Processed QA Files: processed/stage1/train.json and processed/stage1/test.json

These are the stage1 QA files consumed by the framework directly. They can either:

  • be generated automatically from raw/train.json and raw/test.json, or
  • be provided directly under processed/stage1/
Field Type Description
id str A unique identifier for the example
question str The question or query
start_nodes dict[str, list] Starting nodes grouped by type. Key: node type, Value: list of node names
target_nodes dict[str, list] Target nodes grouped by type. Key: node type, Value: list of node names
Additional fields Any Any extra fields copied from the raw data

Example (processed/stage1/test.json):

JSON
[
  {
    "id": "5abc553a554299700f9d7871",
    "question": "Kyle Ezell is a professor at what School of Architecture building at Ohio State?",
    "answer": "Knowlton Hall",
    "start_nodes": {
      "entity": [
        "kyle ezell",
        "architectural association school of architecture",
        "ohio state"
      ]
    },
    "target_nodes": {
      "document": [
        "Knowlton Hall",
        "Kyle Ezell"
      ],
      "entity": [
        "10 million donation",
        "2004",
        "architecture",
        "austin e  knowlton",
        "austin e  knowlton school of architecture",
        "bachelor s in architectural engineering",
        "city and regional planning",
        "columbus  ohio  united states",
        "ives hall",
        "july 2002",
        "knowlton hall",
        "ksa",
        "landscape architecture",
        "ohio",
        "replacement for ives hall",
        "the ohio state university"
      ]
    }
  }
]

Minimal Raw Example

raw/documents.json

JSON
{
  "France": "France is a country in Western Europe.

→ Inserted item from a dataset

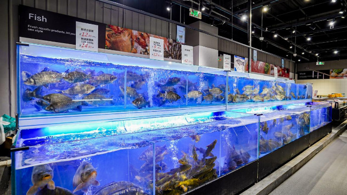 品類布局方面,生鮮品類由之前的聚在一起,改為占據(jù)了整個(gè)賣場主通道右側(cè)靠墻的區(qū)域,占比也由原來的35%增加到超過50%,從入口處的壽司、烘焙、熟食到蔬菜、水果、肉類、水產(chǎn)、雜糧干貨等,貫穿整個(gè)賣場主動(dòng)線。

Paris is its capital.",
  "Paris": "Paris is the capital and most populous city of France."
}

raw/test.json

JSON
[
  {
    "id": "toy-1",
    "question": "What is the capital of France?",
    "answer": "Paris",
    "answer_aliases": ["City of Paris"],
    "supporting_documents": ["France", "Paris"]
  }
]

Minimal Processed Stage1 Example

processed/stage1/nodes.csv

Text Only
name,type,attributes
France,document,"{}"
Paris,document,"{}"
capital,entity,"{}"

processed/stage1/relations.csv

Text Only
name,attributes
mentions,"{}"

processed/stage1/edges.csv

Text Only
source,relation,target,attributes
France,mentions,capital,"{}"
Paris,mentions,capital,"{}"

processed/stage1/test.json

JSON
[
  {
    "id": "toy-1",
    "question": "What is the capital of France?",
    "answer": "Paris",
    "answer_aliases": ["City of Paris"],
    "supporting_documents": ["France", "Paris"],
    "start_nodes": {
      "entity": ["capital"]
    },
    "target_nodes": {
      "document": ["France", "Paris"]
    }
  }
]

Outputs Used By Later Steps

  • Index consumes raw/ or processed/stage1/
  • Retrieval and QA consumes processed/stage1/ plus retrieval outputs
  • Training consumes processed stage1 data and dataset lists

Common Pitfalls

  • raw/documents.json must exist if you expect GFMRetriever.from_index(...) or index_dataset to build stage1 automatically.
  • nodes.csv, relations.csv, and edges.csv must stay consistent with each other when you provide pre-built stage1 files.
  • source and target in edges.csv must match the name column in nodes.csv; relation must match the name column in relations.csv.
  • Downstream QA examples often assume answer_aliases and supporting_documents are present, even though they are not mandatory for plain retrieval.